## WORK TO COMPLETE
Only the lines from the one with "A fresh, accommodating" to the end of the data below should be given again, exactly, with both ends included and pictures omitted.

:: PROVIDED DATA ::

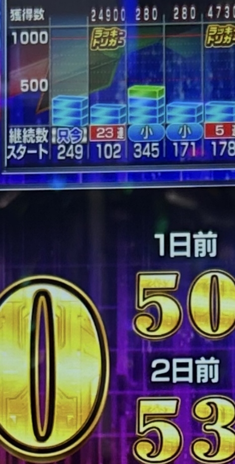 Bistyの大当りしやすいと感じる40の倍数付近でヤメて、オマケも数珠つなぎもなくてヤメています。
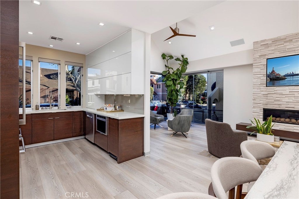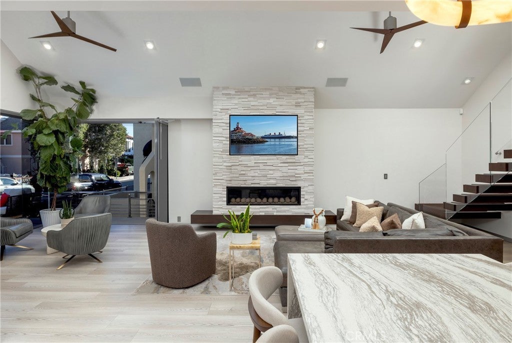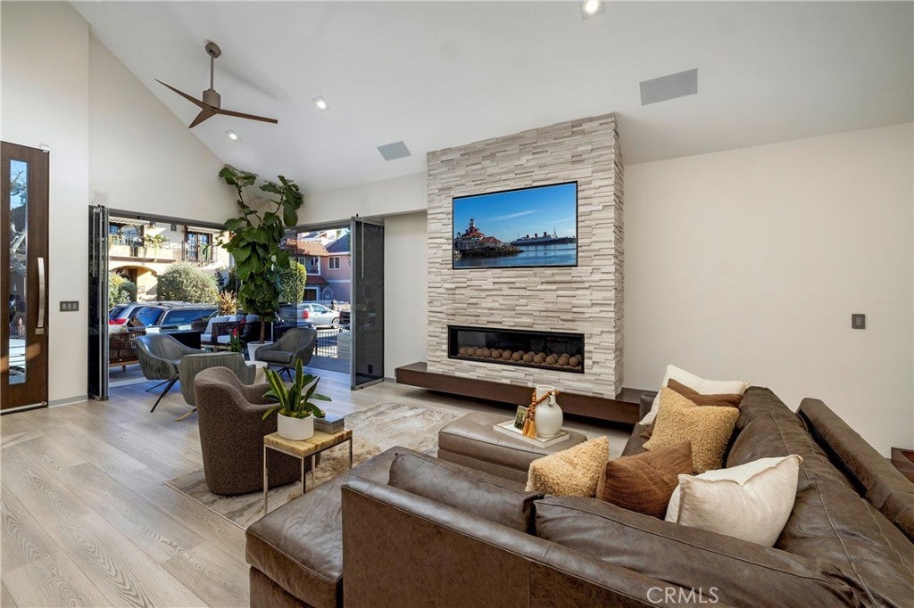 A fresh, accommodating collection of spaces reflecting a refined aesthetic and quality craftsmanship set in one of the region’s most sought-after enclaves – Naples Island. With thoughtful material and technological enhancements, this stylish property recently underwent a complete rebuild and reimagination – taken down to one pre-existing wall. Three bedrooms, two baths, and a delightful assemblage of living areas now present a bright and sophisticated environment that embodies the elements of a modern lifestyle. The carefully selected appointments and amenities are suited to discerning taste, with resilient finishes appropriate for living near the water. A small selection of details include – an oversized 10’ entry; elevated ceiling heights in the interior and the garage; barn- style doors throughout; a floating glass stair; custom millwork and built-in kitchen accoutrement hidden housings; Thermador appliances; Luxury Vinyl Plank flooring set over white porcelain tile; custom aluminum detail baseboards; designer fixtures and lighting; motorized window coverings with valances; a Sonos sound system; privacy windows on neighboring sides and engineered framing for Coverglass, optimizing the rare corner view windows; all-LED conversion interior and exterior; new electrical paneling, switches, outlets, and wiring; dual split HVAC; new PEX efficient plumbing; heavy insulation for efficiency and sound; and an installed security system. A further complement, improving the exterior experience, is a private deck – raised and modified with stainless steel railings; an outdoor shower; a 12’-height garage making it high enough to enable a car lift, along with 220V power. An extraordinary opportunity to enjoy the benefits of a sophisticated domain with ideal proximity to the highly desirable local recreation, dining, shopping, and resources.
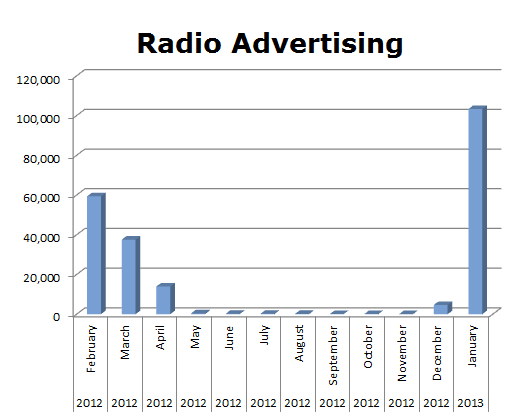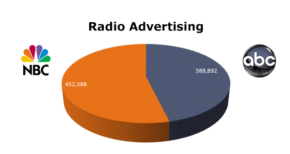 On the Radio, NBC TV edged out ABC slightly with 452,388 spots in the last 12 months. ABC ran 388,892 ads in the same period. NBC’s biggest month was October of 2012 when they cleared 59,486 spots, while ABC ran hottest in September of last year with 66,944 spots.
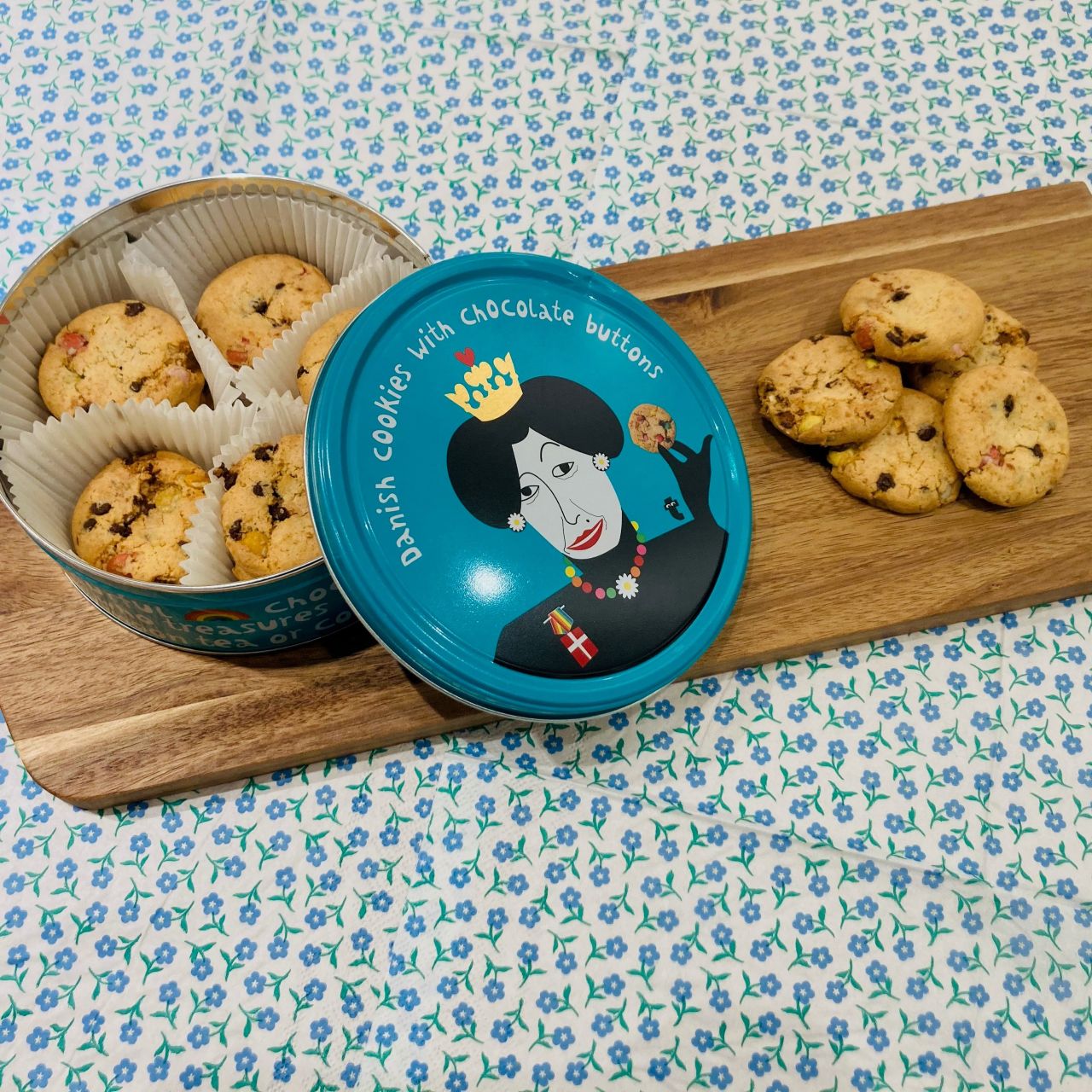 カラフルなボタンチョコレートが散りばめられているバタークッキーは

:::

## TASK SOLUTION
 A fresh, accommodating collection of spaces reflecting a refined aesthetic and quality craftsmanship set in one of the region’s most sought-after enclaves – Naples Island. With thoughtful material and technological enhancements, this stylish property recently underwent a complete rebuild and reimagination – taken down to one pre-existing wall. Three bedrooms, two baths, and a delightful assemblage of living areas now present a bright and sophisticated environment that embodies the elements of a modern lifestyle. The carefully selected appointments and amenities are suited to discerning taste, with resilient finishes appropriate for living near the water. A small selection of details include – an oversized 10’ entry; elevated ceiling heights in the interior and the garage; barn- style doors throughout; a floating glass stair; custom millwork and built-in kitchen accoutrement hidden housings; Thermador appliances; Luxury Vinyl Plank flooring set over white porcelain tile; custom aluminum detail baseboards; designer fixtures and lighting; motorized window coverings with valances; a Sonos sound system; privacy windows on neighboring sides and engineered framing for Coverglass, optimizing the rare corner view windows; all-LED conversion interior and exterior; new electrical paneling, switches, outlets, and wiring; dual split HVAC; new PEX efficient plumbing; heavy insulation for efficiency and sound; and an installed security system. A further complement, improving the exterior experience, is a private deck – raised and modified with stainless steel railings; an outdoor shower; a 12’-height garage making it high enough to enable a car lift, along with 220V power. An extraordinary opportunity to enjoy the benefits of a sophisticated domain with ideal proximity to the highly desirable local recreation, dining, shopping, and resources.
 On the Radio, NBC TV edged out ABC slightly with 452,388 spots in the last 12 months. ABC ran 388,892 ads in the same period. NBC’s biggest month was October of 2012 when they cleared 59,486 spots, while ABC ran hottest in September of last year with 66,944 spots.
 カラフルなボタンチョコレートが散りばめられているバタークッキーは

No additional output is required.